▶ INFORMATION:
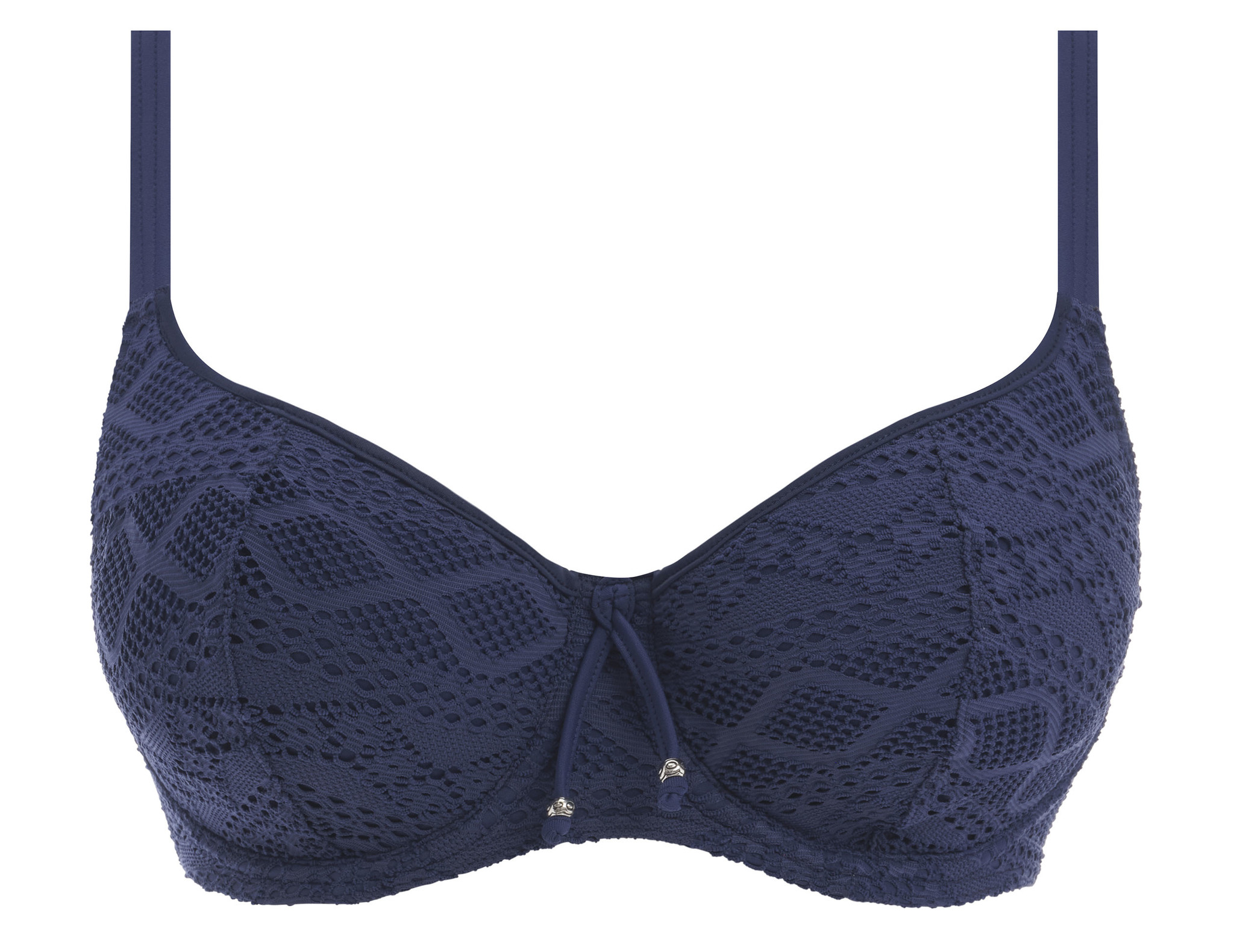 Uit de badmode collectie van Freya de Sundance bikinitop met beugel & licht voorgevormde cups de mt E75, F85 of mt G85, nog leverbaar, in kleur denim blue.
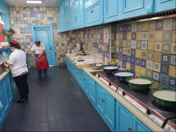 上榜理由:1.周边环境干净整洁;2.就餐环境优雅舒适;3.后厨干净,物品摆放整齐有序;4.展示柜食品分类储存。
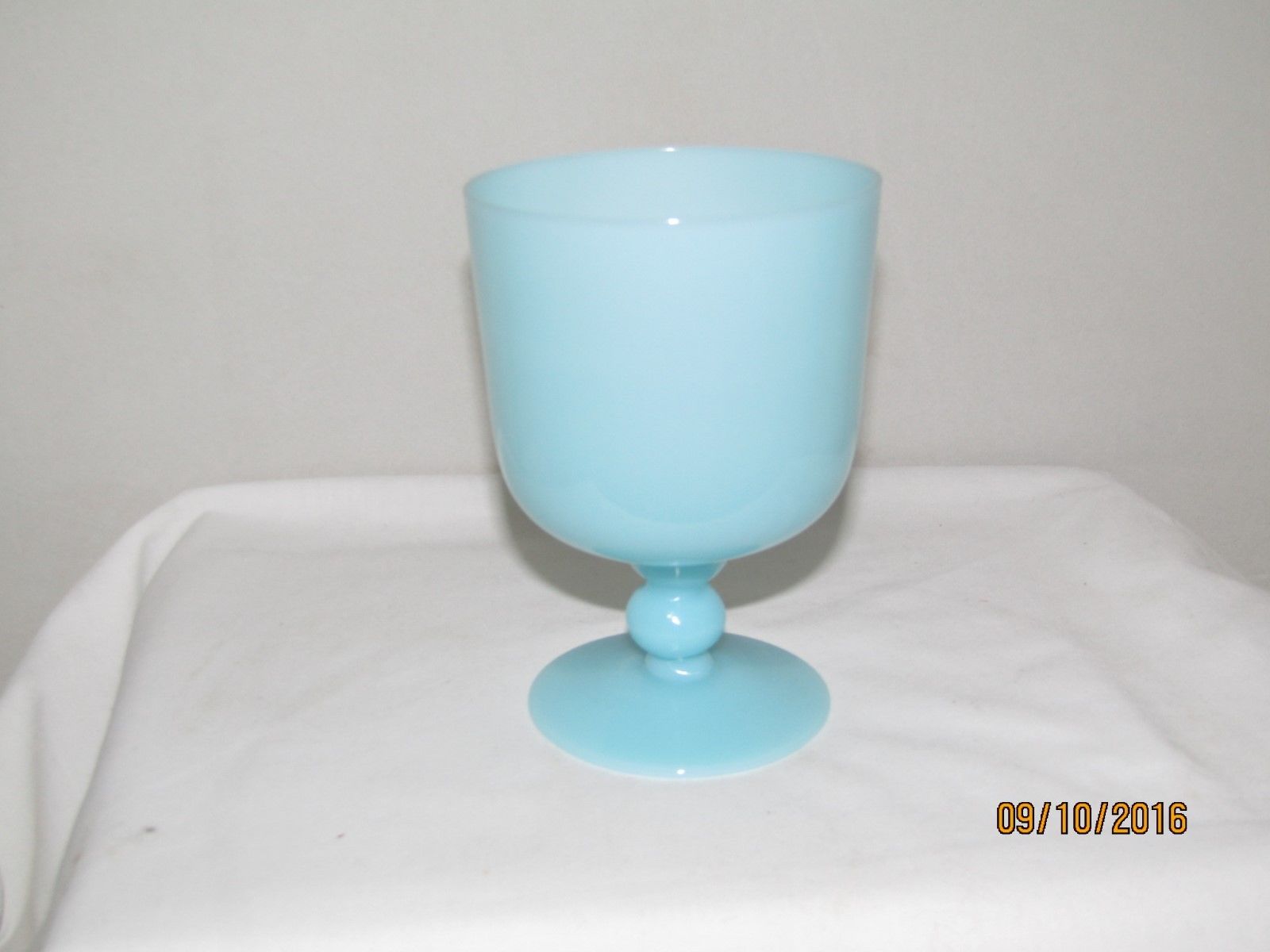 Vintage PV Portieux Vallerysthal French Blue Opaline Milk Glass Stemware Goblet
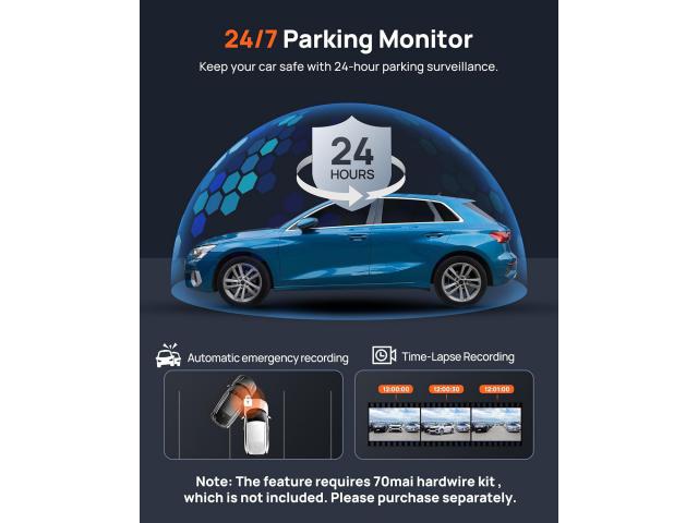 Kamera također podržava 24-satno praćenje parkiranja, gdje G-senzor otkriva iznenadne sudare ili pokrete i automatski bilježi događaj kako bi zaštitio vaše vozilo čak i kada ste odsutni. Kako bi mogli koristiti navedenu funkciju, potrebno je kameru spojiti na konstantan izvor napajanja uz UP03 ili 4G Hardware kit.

* * *

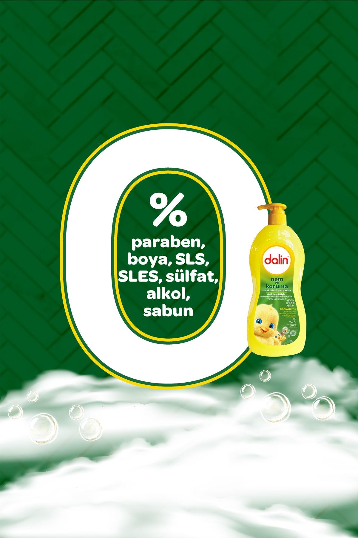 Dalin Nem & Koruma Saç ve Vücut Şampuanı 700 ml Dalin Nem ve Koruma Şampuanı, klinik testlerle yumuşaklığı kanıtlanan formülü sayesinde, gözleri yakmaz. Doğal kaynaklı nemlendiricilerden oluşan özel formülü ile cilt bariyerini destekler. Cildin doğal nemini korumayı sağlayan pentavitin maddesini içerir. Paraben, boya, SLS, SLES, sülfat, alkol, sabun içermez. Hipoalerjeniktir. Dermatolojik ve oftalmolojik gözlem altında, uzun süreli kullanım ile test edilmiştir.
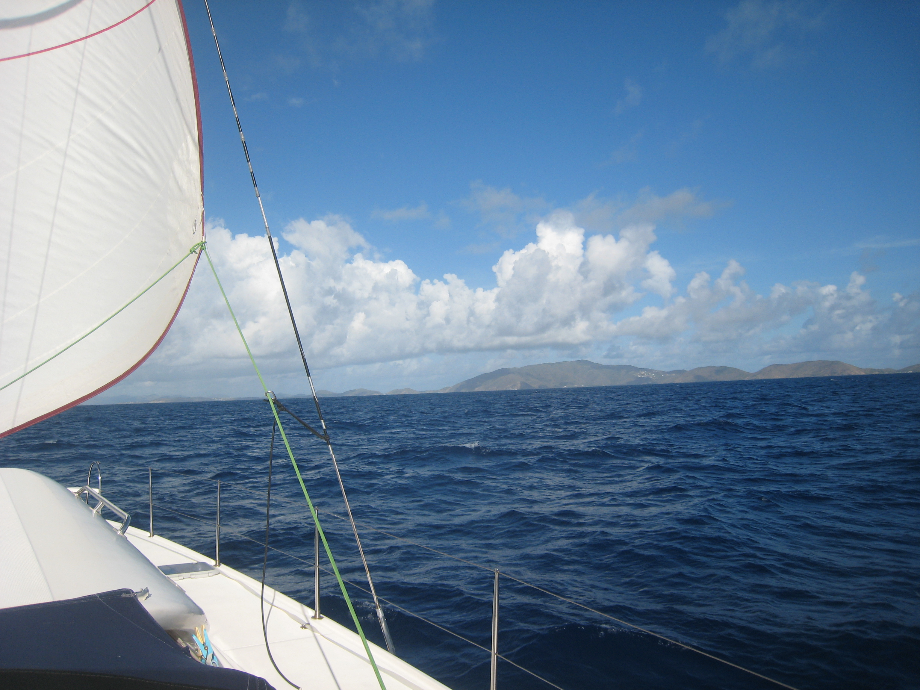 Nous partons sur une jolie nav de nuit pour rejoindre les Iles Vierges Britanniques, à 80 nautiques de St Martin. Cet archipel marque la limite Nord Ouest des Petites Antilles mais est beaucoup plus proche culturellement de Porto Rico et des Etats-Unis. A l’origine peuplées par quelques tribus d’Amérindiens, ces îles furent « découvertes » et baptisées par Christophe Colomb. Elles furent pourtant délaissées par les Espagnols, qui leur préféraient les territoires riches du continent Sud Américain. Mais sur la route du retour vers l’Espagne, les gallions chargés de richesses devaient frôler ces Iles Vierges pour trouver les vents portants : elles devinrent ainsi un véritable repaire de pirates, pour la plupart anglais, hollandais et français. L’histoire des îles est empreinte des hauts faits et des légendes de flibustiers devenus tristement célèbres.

▶ TASK TO CARRY OUT: Starting at the line containing "Uit de badmode" and finishing at the line containing "Kamera također podržava", return those lines exactly as they appear above, without the pictures.

▶ ANSWER BELOW:
 Uit de badmode collectie van Freya de Sundance bikinitop met beugel & licht voorgevormde cups de mt E75, F85 of mt G85, nog leverbaar, in kleur denim blue.
 上榜理由:1.周边环境干净整洁;2.就餐环境优雅舒适;3.后厨干净,物品摆放整齐有序;4.展示柜食品分类储存。
 Vintage PV Portieux Vallerysthal French Blue Opaline Milk Glass Stemware Goblet
 Kamera također podržava 24-satno praćenje parkiranja, gdje G-senzor otkriva iznenadne sudare ili pokrete i automatski bilježi događaj kako bi zaštitio vaše vozilo čak i kada ste odsutni. Kako bi mogli koristiti navedenu funkciju, potrebno je kameru spojiti na konstantan izvor napajanja uz UP03 ili 4G Hardware kit.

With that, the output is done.